6. The knowledge recommendation method based on scene awareness and dynamic permissions according to claim 1, characterized in that, After sequentially determining whether the security level of each target document in the initial recommendation list is greater than or equal to the user's permission level, the method further includes: If not, then the target document can be displayed in plaintext.

7. The knowledge recommendation method based on scene awareness and dynamic permissions according to claim 1, characterized in that, In response to the target document not being a top-secret document, the entity content of the target document is hidden in the initial recommendation list, and a masked document is generated, including: If the target document is not a top-secret document, then the sensitive nodes that need to be covered in the target document are located using real-time naming recognition technology. The sensitive nodes are replaced using an execution character stream mask to generate the masked document.

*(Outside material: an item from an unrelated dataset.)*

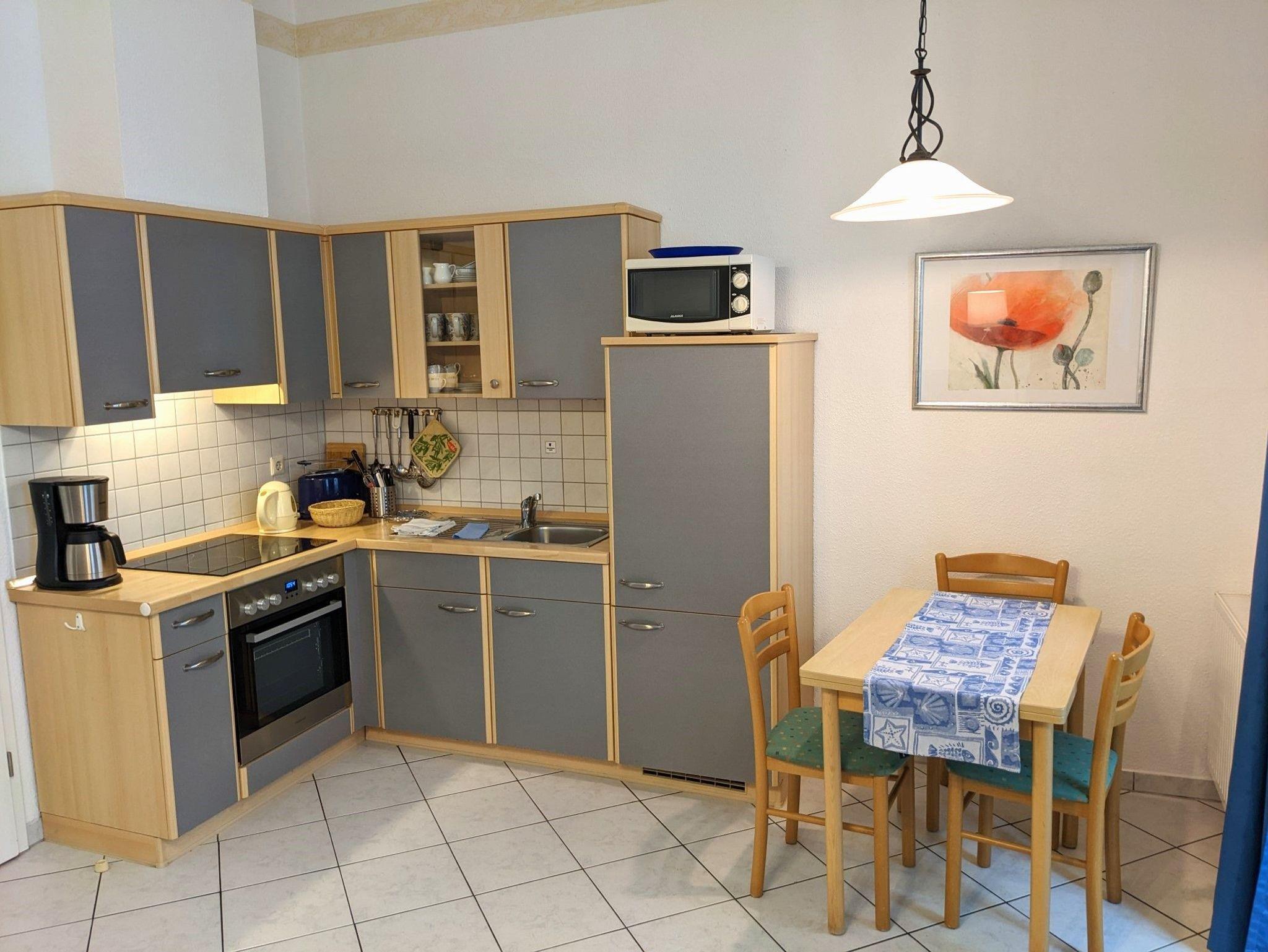 • offene Küche mit Essecke, E-Herd, Backofen, Kühlschrank, Mikrowelle uvm.

8. A knowledge recommendation system based on scene awareness and dynamic permissions, characterized in that, The system includes: The acquisition module is used to acquire all documents in the knowledge base and the security level of the documents, and to establish a mapping relationship between the keywords in the documents and the similarity between the page scene; The list generation module is used to obtain the user's query intent and the user's permission level, select target documents according to the query intent and the mapping relationship, sort the target documents, and generate an initial recommendation list; The judgment module sequentially determines whether the security level of each target document in the initial recommendation list is greater than the user's permission level; if so, it continues to determine whether the target document is a top secret document. The first response module, in response to the fact that the target document is a top-secret document, removes the top-secret document from the initial recommendation list; The second response module, in response to the fact that the target document is not a top-secret document, hides the entity content in the target document in the initial recommendation list and generates a masked document.

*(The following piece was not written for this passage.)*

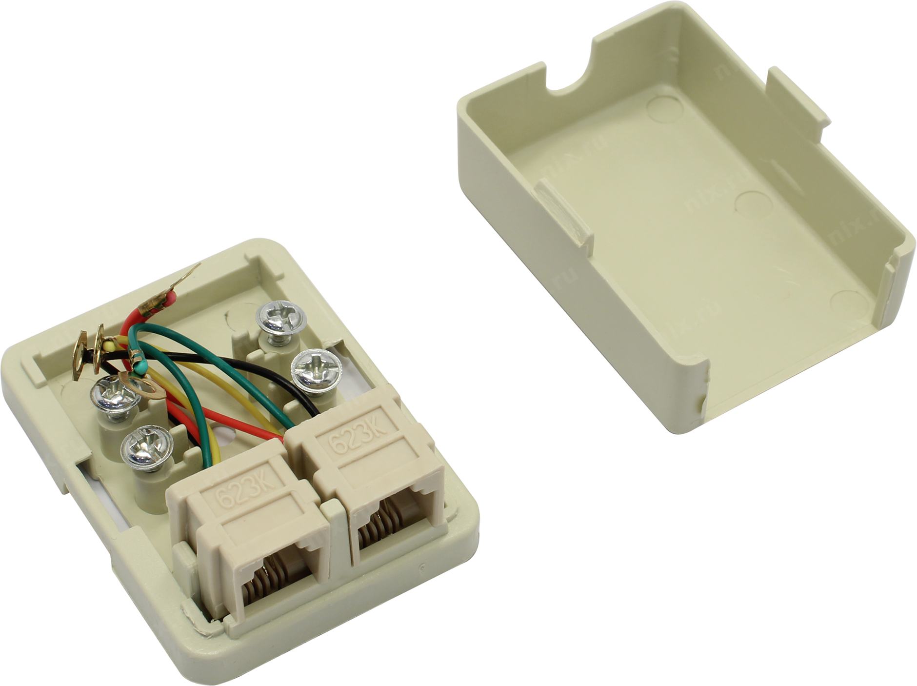 Двухпортовая телефонная розетка с портами RJ-12, предназначена для монтажа на стену

9. The knowledge recommendation system based on scene awareness and dynamic permissions according to claim 8, the system further includes: The front-end interaction layer and the server are configured to obtain a multi-dimensional context request tensor when a user accesses a page, and send the multi-dimensional context to the server. The server-side includes a feature extraction module, a hybrid sorting engine, and a dynamic desensitization rendering engine; The feature extraction module is used to parse the multidimensional context request tensor to generate the user's identity identifier, the user's permission level, the user's historical behavior sequence, and the keywords of the query statement entered by the user; The hybrid sorting module is used to perform preliminary detection in the knowledge base based on the query statement in the query intent and the mapping relationship, generate a candidate document set, calculate the confidence score of the target document in the candidate document set, and arrange the documents in order according to the confidence score of the target document to generate the initial recommendation list. The dynamic desensitization rendering engine is used to locate sensitive nodes that need to be masked in the non-top-secret target document using real-time naming recognition technology, and replace the sensitive nodes using execution character stream masking to generate the masked document; The data storage layer includes a graph database and a document object storage, wherein the graph database stores the mapping relationship and the document object storage stores the documents.

10. An electronic device, characterized in that, include: Processor and memory; The memory stores a computer program that, when executed by the processor, causes the processor to perform the steps of the knowledge recommendation method based on scene awareness and dynamic permissions as described in any one of claims 1 to 7.